TASK DIRECTIONS: Copy out the whole listing exactly as written, leaving the pictures behind.

DATA FOR PROCESSING:
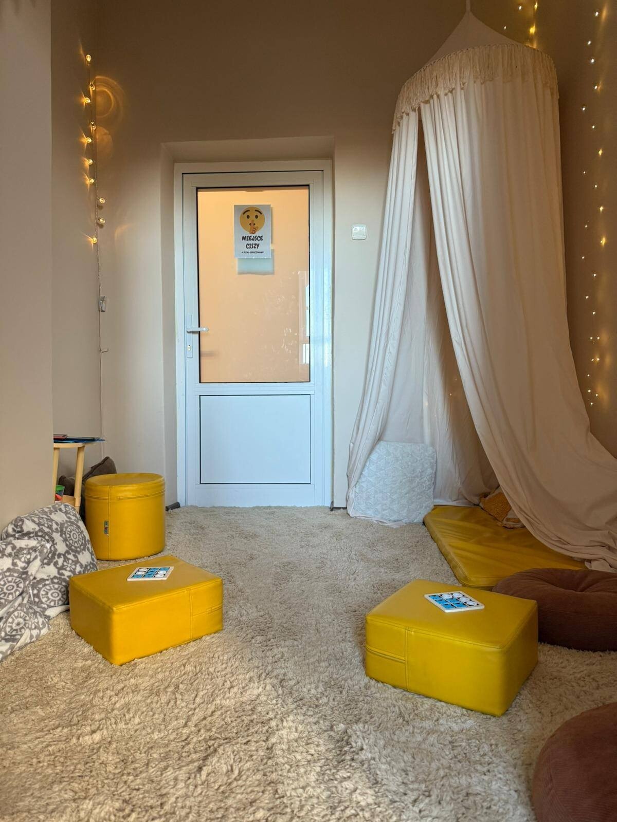 chcielibyśmy przedstawić Wam nasze wyjątkowe Miejsce Ciszy – przytulny kącik stworzony z myślą o tym, aby każde dziecko mogło odnaleźć chwilę spokoju, odpocząć, zrelaksować się i wrócić do równowagi emocjonalnej.
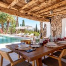 Retaining its rustic allure, the property Finca Dayanara features authentic sabina timber ceilings, natural rock walls, and gracefully arched doorways adorned with intricate cornicing, creating an atmosphere of refined luxury.
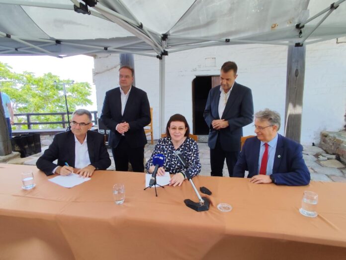 Σύμβαση δωρεάς για την υλοποίηση του έργου «Εκτέλεση εργασιών στερέωσης και πυροπροστασίας του συγκροτήματος Πύργου Προσφορίου Ουρανούπολης» υπέγραψαν η Υπουργός Πολιτισμού Λίνα Μενδώνη και ο Πρόεδρος της «Ελληνικός Χρυσός Α.Ε.», Χρήστος Μπαλάσκας, παρουσία του Δημάρχου Αριστοτέλη Στέλιου Βαλιάνου.
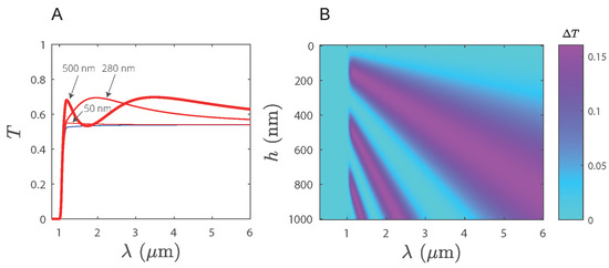 The same type of calculation was performed for transmittance T on double-sided polished silicon substrates in the range of mid-IR, see Figure 11. In part A, a few examples of T against are given for three different coating thicknesses (30, 280, and 500 nm, red curves) and are compared to the transmittance of the bare substrate in blue. Obviously, the silicon substrate is opaque () below some which actually depends on its thickness, here m for a 325 m thick substrate. Above this opacity cut-off, the substrate is basically homogeneously semi-opaque (e.g., at 4 m) while adding a thin coating can dramatically enhance the transmittance. Part B of Figure 11 shows a mapping of the increase of transmittance that the coating provides, namely , against h and . In the mid-IR range, up to 15% of transmittance enhancement can be observed; obviously, this enhancement depends significantly on but can nevertheless be of some interest for monochromatic processes such as imaging.
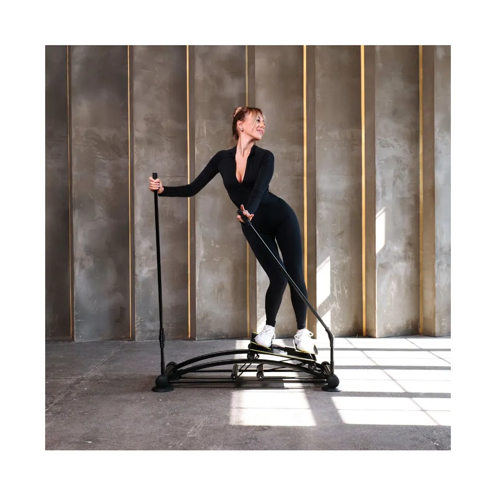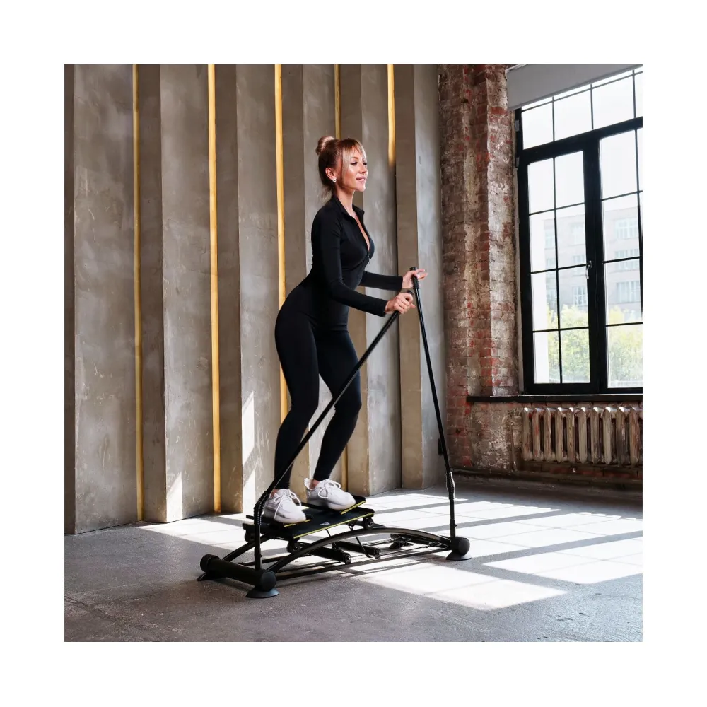 Система нагрузки ременная и состоит из 8-ми эластичных тросов длиной 49 см и толщиной 8 мм. Уровень нагрузки регулируется количеством прикрепленных тросов. Это позволяет настроить нагрузку в зависимости от вашего уровня физической подготовки и желаемого результата. Чем больше прикреплено тросов, тем выше уровень нагрузки.
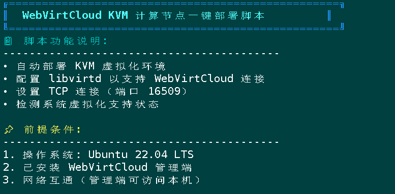 本文档提供在 Ubuntu 22.04 系统上部署 KVM 虚拟化计算节点 的完整操作流程,专为配合 WebVirtCloud 管理平台使用而设计。通过配置 libvirtd 服务以监听 TCP 端口(16509),并结合严格的防火墙规则,实现 WebVirtCloud 管理端对远程 KVM 主机的安全、无密码连接与虚拟机集中管控。适用于构建轻量级、分布式的 KVM 虚拟化基础设施。
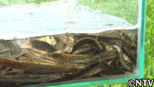 大量に捕れたドジョウは、観賞魚のエサに使われる。 |
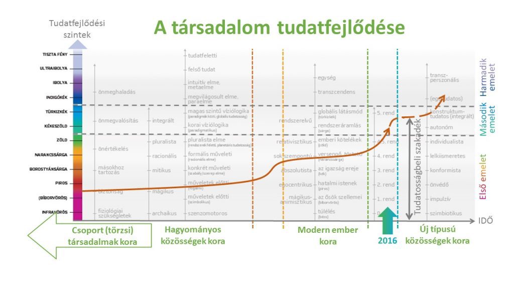 Fontos felismerés volt a számomra amikor rájöttem, hogy a társadalomnak – mint élőrendszernek – ugyanúgy lehet tudatfejlődése, mint az egyénnek. Ennek emelkedését rajzoltam az ábrán narancssárga vonallal**. Lényegében ekkor tudatosult bennem, hogy a hagyományos közösségek szétesése, és a modern kor elidegenedett, individuális társadalma a társadalmi tudatfejlődés miatt törvényszerű volt. Azaz nem elrontottunk valamit, nem zsákutcába kerültünk, és nem mi vagyunk a Földön a rákos daganat, hanem csupán fejlődtünk. Még akkor is, ha ezt nehéz fejlődésként értelmezni.
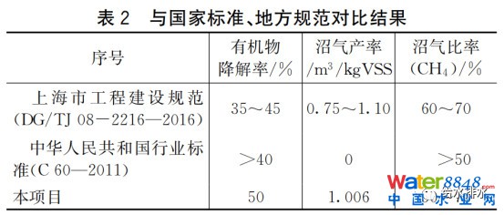 選取近年來國內(nèi)投產(chǎn)運(yùn)行的大中型厭氧消化系統(tǒng)進(jìn)行對比,結(jié)果見表3。根據(jù)有機(jī)物降解率和沼氣產(chǎn)率,可看出本項(xiàng)目主要運(yùn)行指標(biāo)較好。
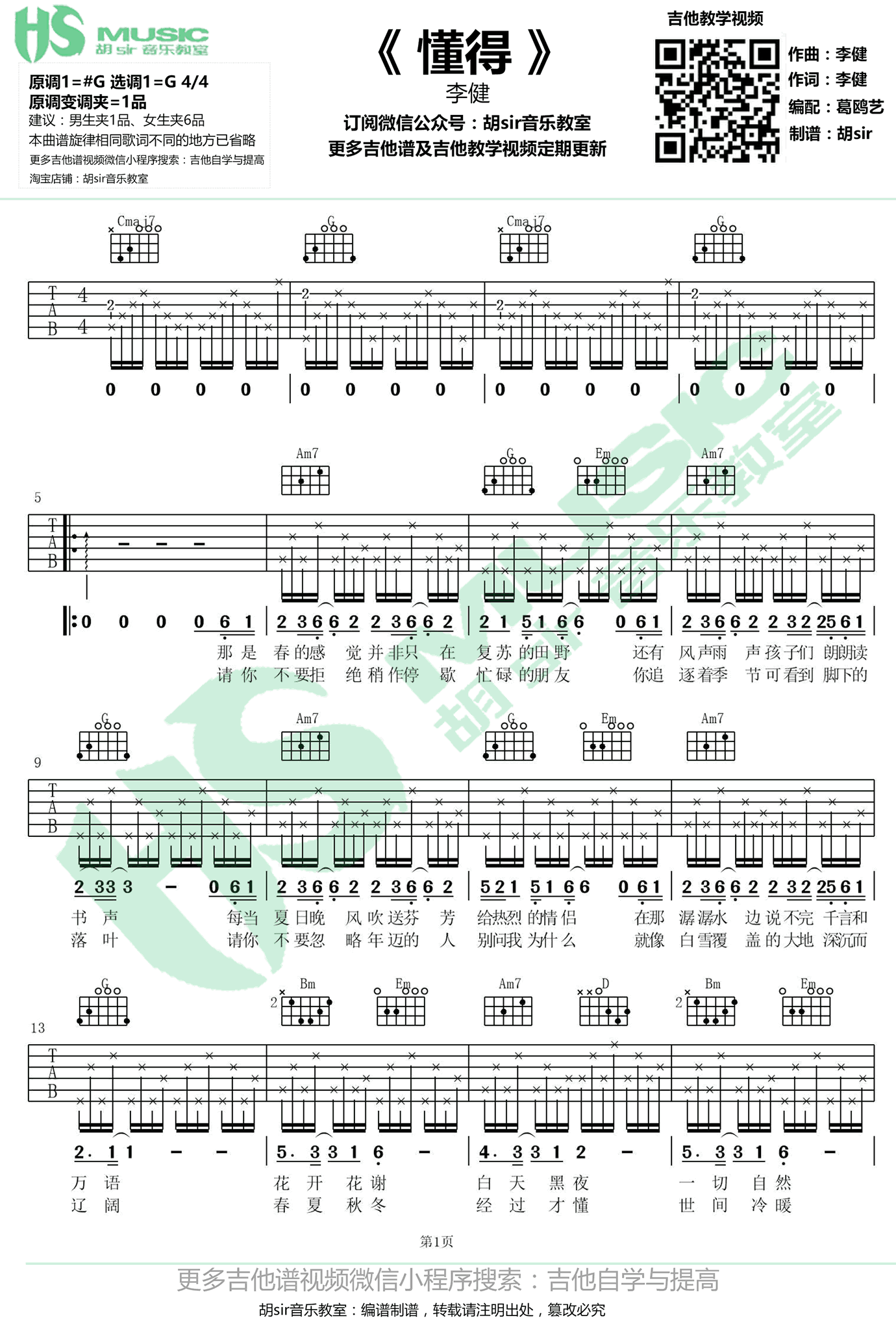 曲谱介绍: 懂得吉他谱_李健_《懂得》G调弹唱六线谱_高清图片谱分享,《懂得》是由李健作词作曲并演唱的一首歌曲,歌曲以四季更迭比喻人生百态,温暖沉静却蕴藏内心的美好与力量:有不失初心的纯粹,亦有“懂得”世间冷暖后的善意、辽阔与关怀。春夏秋冬,经过才懂!当我们懂得了很多的时候,我们才能说得上学会了生活。

ANSWER BOX:
 chcielibyśmy przedstawić Wam nasze wyjątkowe Miejsce Ciszy – przytulny kącik stworzony z myślą o tym, aby każde dziecko mogło odnaleźć chwilę spokoju, odpocząć, zrelaksować się i wrócić do równowagi emocjonalnej.
 Retaining its rustic allure, the property Finca Dayanara features authentic sabina timber ceilings, natural rock walls, and gracefully arched doorways adorned with intricate cornicing, creating an atmosphere of refined luxury.
 Σύμβαση δωρεάς για την υλοποίηση του έργου «Εκτέλεση εργασιών στερέωσης και πυροπροστασίας του συγκροτήματος Πύργου Προσφορίου Ουρανούπολης» υπέγραψαν η Υπουργός Πολιτισμού Λίνα Μενδώνη και ο Πρόεδρος της «Ελληνικός Χρυσός Α.Ε.», Χρήστος Μπαλάσκας, παρουσία του Δημάρχου Αριστοτέλη Στέλιου Βαλιάνου.
 The same type of calculation was performed for transmittance T on double-sided polished silicon substrates in the range of mid-IR, see Figure 11. In part A, a few examples of T against are given for three different coating thicknesses (30, 280, and 500 nm, red curves) and are compared to the transmittance of the bare substrate in blue. Obviously, the silicon substrate is opaque () below some which actually depends on its thickness, here m for a 325 m thick substrate. Above this opacity cut-off, the substrate is basically homogeneously semi-opaque (e.g., at 4 m) while adding a thin coating can dramatically enhance the transmittance. Part B of Figure 11 shows a mapping of the increase of transmittance that the coating provides, namely , against h and . In the mid-IR range, up to 15% of transmittance enhancement can be observed; obviously, this enhancement depends significantly on but can nevertheless be of some interest for monochromatic processes such as imaging.
 Система нагрузки ременная и состоит из 8-ми эластичных тросов длиной 49 см и толщиной 8 мм. Уровень нагрузки регулируется количеством прикрепленных тросов. Это позволяет настроить нагрузку в зависимости от вашего уровня физической подготовки и желаемого результата. Чем больше прикреплено тросов, тем выше уровень нагрузки.
 本文档提供在 Ubuntu 22.04 系统上部署 KVM 虚拟化计算节点 的完整操作流程,专为配合 WebVirtCloud 管理平台使用而设计。通过配置 libvirtd 服务以监听 TCP 端口(16509),并结合严格的防火墙规则,实现 WebVirtCloud 管理端对远程 KVM 主机的安全、无密码连接与虚拟机集中管控。适用于构建轻量级、分布式的 KVM 虚拟化基础设施。
 大量に捕れたドジョウは、観賞魚のエサに使われる。 |
 Fontos felismerés volt a számomra amikor rájöttem, hogy a társadalomnak – mint élőrendszernek – ugyanúgy lehet tudatfejlődése, mint az egyénnek. Ennek emelkedését rajzoltam az ábrán narancssárga vonallal**. Lényegében ekkor tudatosult bennem, hogy a hagyományos közösségek szétesése, és a modern kor elidegenedett, individuális társadalma a társadalmi tudatfejlődés miatt törvényszerű volt. Azaz nem elrontottunk valamit, nem zsákutcába kerültünk, és nem mi vagyunk a Földön a rákos daganat, hanem csupán fejlődtünk. Még akkor is, ha ezt nehéz fejlődésként értelmezni.
 選取近年來國內(nèi)投產(chǎn)運(yùn)行的大中型厭氧消化系統(tǒng)進(jìn)行對比,結(jié)果見表3。根據(jù)有機(jī)物降解率和沼氣產(chǎn)率,可看出本項(xiàng)目主要運(yùn)行指標(biāo)較好。
 曲谱介绍: 懂得吉他谱_李健_《懂得》G调弹唱六线谱_高清图片谱分享,《懂得》是由李健作词作曲并演唱的一首歌曲,歌曲以四季更迭比喻人生百态,温暖沉静却蕴藏内心的美好与力量:有不失初心的纯粹,亦有“懂得”世间冷暖后的善意、辽阔与关怀。春夏秋冬,经过才懂!当我们懂得了很多的时候,我们才能说得上学会了生活。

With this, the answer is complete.